PGI Score: 7.65 — Competing RealitiesThe Albis Perception Gap Index rates the US–Russia sanctions decision at 7.65 out of 10 — one of the highest scores in the AM scan. The dimensional breakdown shows why:
- Factual divergence (D1): 8.0 — the same facts are selectively emphasized to serve different narratives
- Narrative market (D3): 8.0 — three incompatible story frames circulating simultaneously
- Cui bono (D6): 8.5 — who benefits from each framing is visible, and distinct, in every region
This is what maximum divergence looks like.
What the US Said
Treasury Secretary Scott Bessent called the Russia oil benefit "unfortunate" — but framed GL 133 as a necessary short-term measure to stabilize oil prices above $100 per barrel.

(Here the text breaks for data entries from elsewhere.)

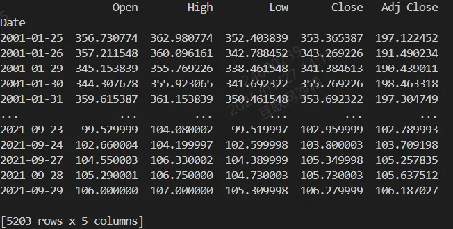 df = pd.read_csv('/workspaces/Data-Miscellany-Forum/src/多变量时序预测系列-股票预测/多输入+单输出+单步/data.csv', parse_dates=["Date"], index_col=[0])df = pd.DataFrame(df)var_num = len(df.columns)print(df)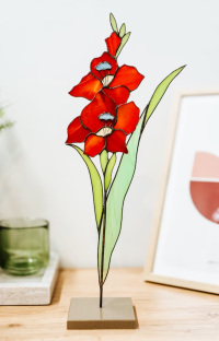 Vörös kardvirágok asztalidísz minden alkalomra. Elegáns, szenvedélyes, tökéletes aándék bármely ünnepi alkalomra, elsősorban hölgyeknek.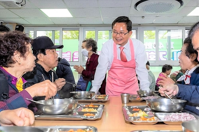[영등포신문=이천용 기자] 최호권 구청장이 20일 오전, 장애인의 날을 맞아 영등포구 장애인 사랑나눔의집에서 저소득 장애인들을 위한 배식 봉사를 했다.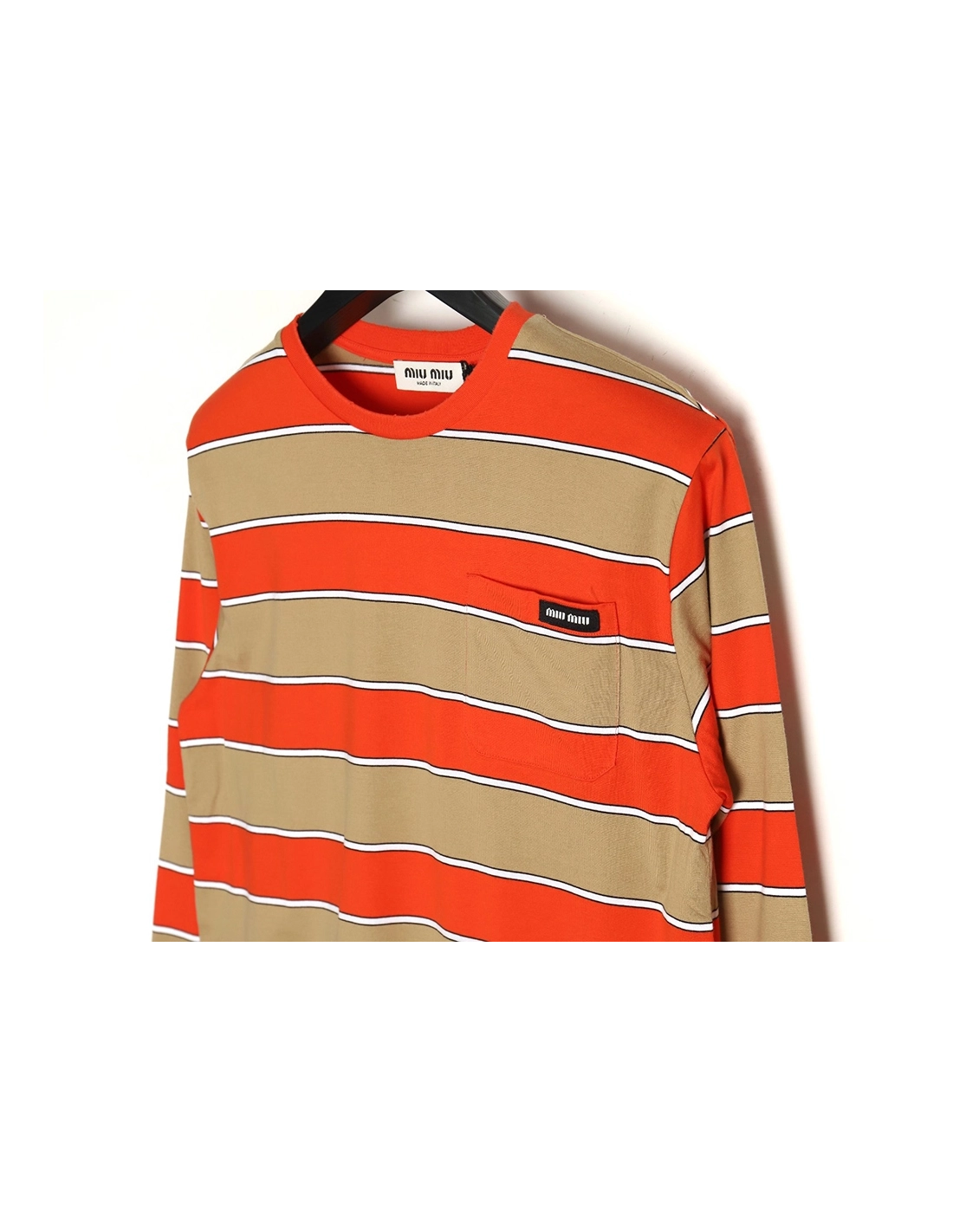 Miu Miu Striped Lapel Polo Long Sleeve TShirt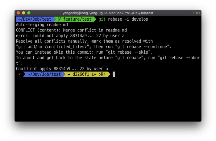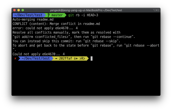충돌을 해결하고 stage에 올려서 커밋을 쳐줍니다. 커밋을 따로 정의하지 않고 git commit을 친다면 rebase할 때 선택한 커밋이 자동으로 입력됩니다.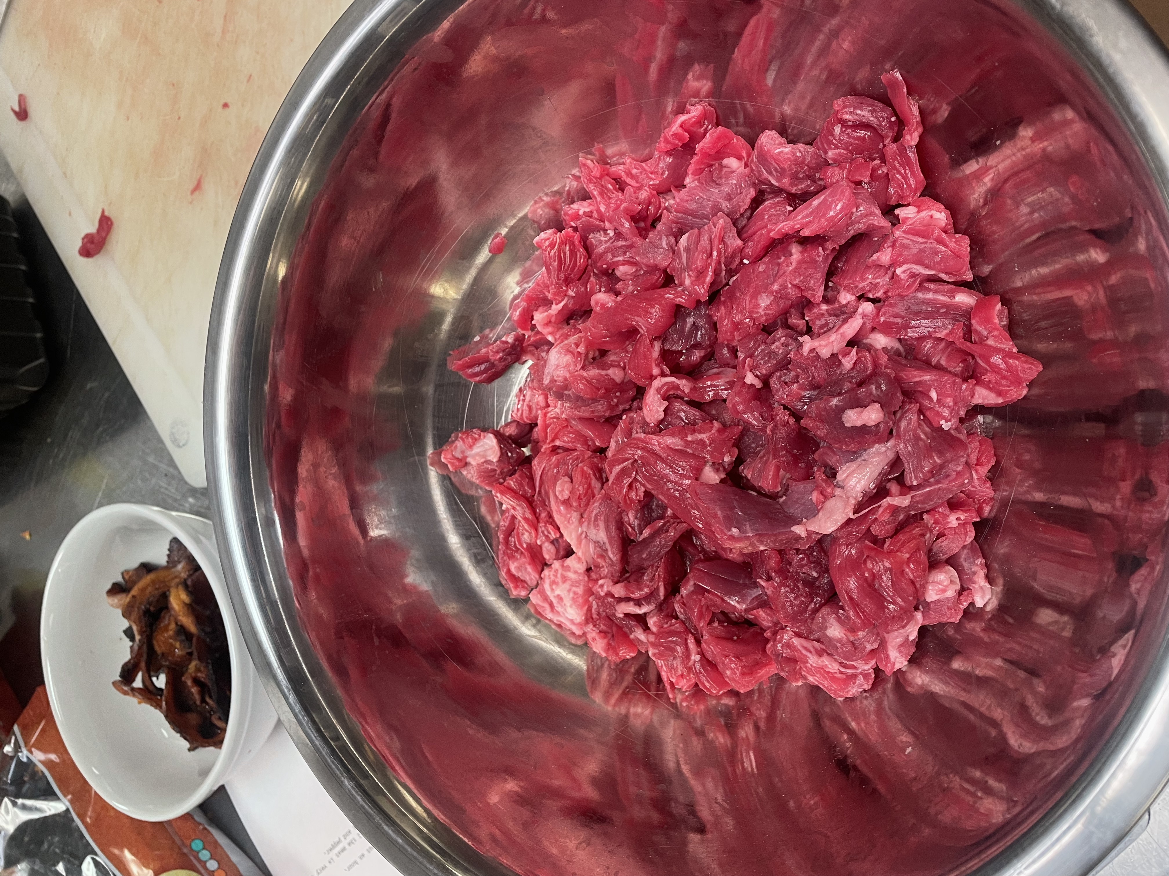 Cube the Beef into one inch pieces (Sirloin Flap Steak, and Chuck are good choices). Use Salt and Baking Soda to Brown the Meat better. (Yes that is the bacon in the upper left of the frame -- I dare you to add it to the chili rather than eat it directly!)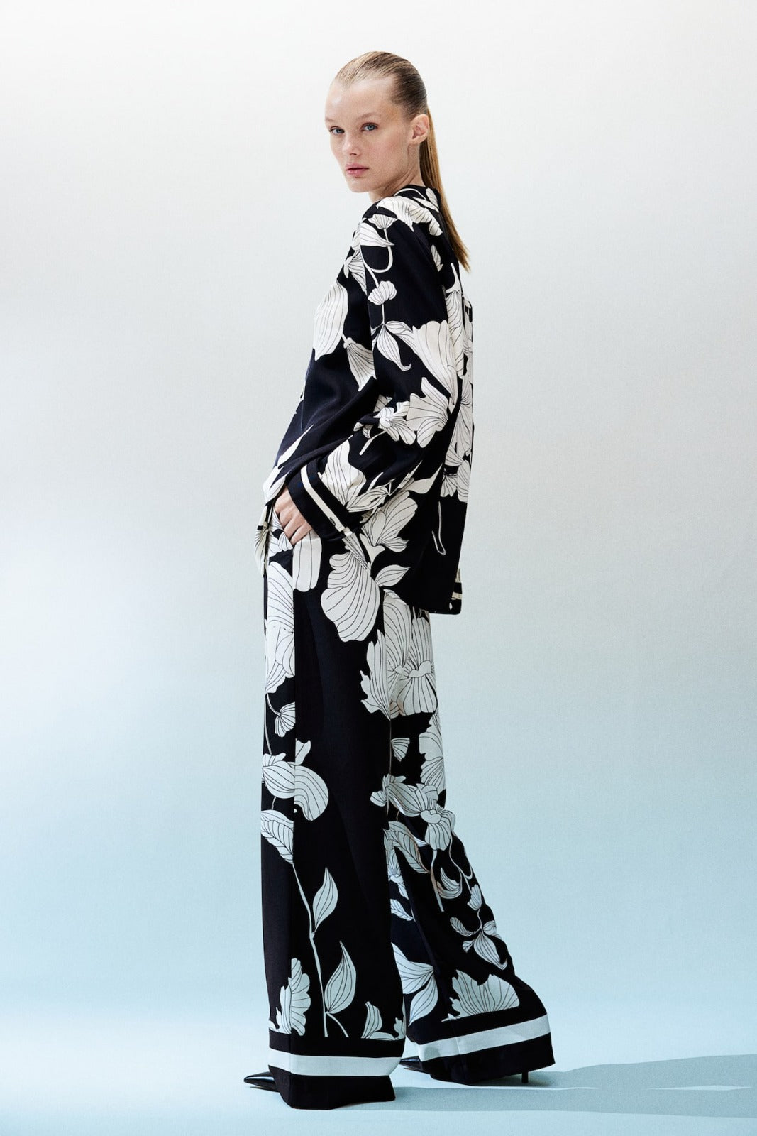 Loose-fit pants in soft twill. High waist, elasticized, drawstring waistband, and side pockets. Wide legs

The White House positioned it as pragmatic energy management under pressure from an unprecedented supply shock: the Hormuz blockade had removed roughly 20% of globally traded oil from circulation.

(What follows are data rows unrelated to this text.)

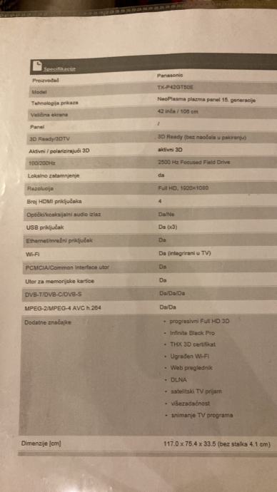 Prodajem neispravan Panasonic TX-P42GT50E plasma TV.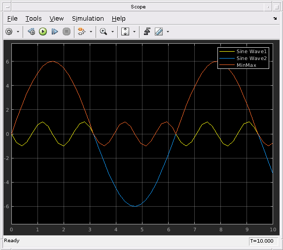 Блок MinMax игнорирует любое входное значение, которое является NaN, кроме тех случаев, когда каждым входным значением является NaN. Когда всеми входными значениями является NaN, выводом является NaN, или как скаляр или как значение каждого элемента выходного вектора.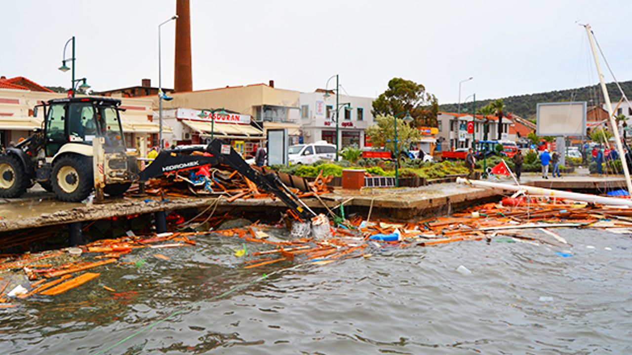 Balıkesir’in Ayvalık ilçesinde, dün sabah meydana gelen şiddetli fırtına ve olumsuz hava koşulları nedeniyle zarar gören gezi ve balıkçı teknelerinin yanı sıra çatıları uçan evlerde enkaz kaldırma çalışmaları sürüyor. Ayvalık’ta olumsuz hava koşullarından en çok zarar gören ilçe merkezindeki Cumhuriyet Meydanı’nda parçalanarak batan gezi teknelerinin enkazları Ayvalık Belediyesi, Balıkesir Büyükşehir Belediyesi, Sahil Güvenlik ve AFAD ekipleri tarafından denizden çıkarılmaya çalışılıyor.

US coverage — AP, the New York Times, CNBC — reflected that framing faithfully. The story was filed under energy and economics, not foreign policy or Ukraine. Analysts quoted in US outlets were skeptical of its impact but not its legitimacy. Pavel Molchanov of Raymond James told the Times: "Right now, obviously, the world needs every extra barrel that is available, and I can understand why the White House, under political pressure, would want to check this particular box."
The contradictions were noted — buried. A February tariff on India was removed after Trump claimed India promised to stop buying Russian oil. Weeks later, the same administration issued a waiver to let India do exactly that.
What Europe Said
European reactions were pointed and immediate. Germany's chancellor Friedrich Merz called the move "wrong." France's Emmanuel Macron, after a G7 call on Iran's economic impact, aligned with the same position. UK Foreign Secretary Yvette Cooper described the situation as Russia and Iran "hijacking the global economy."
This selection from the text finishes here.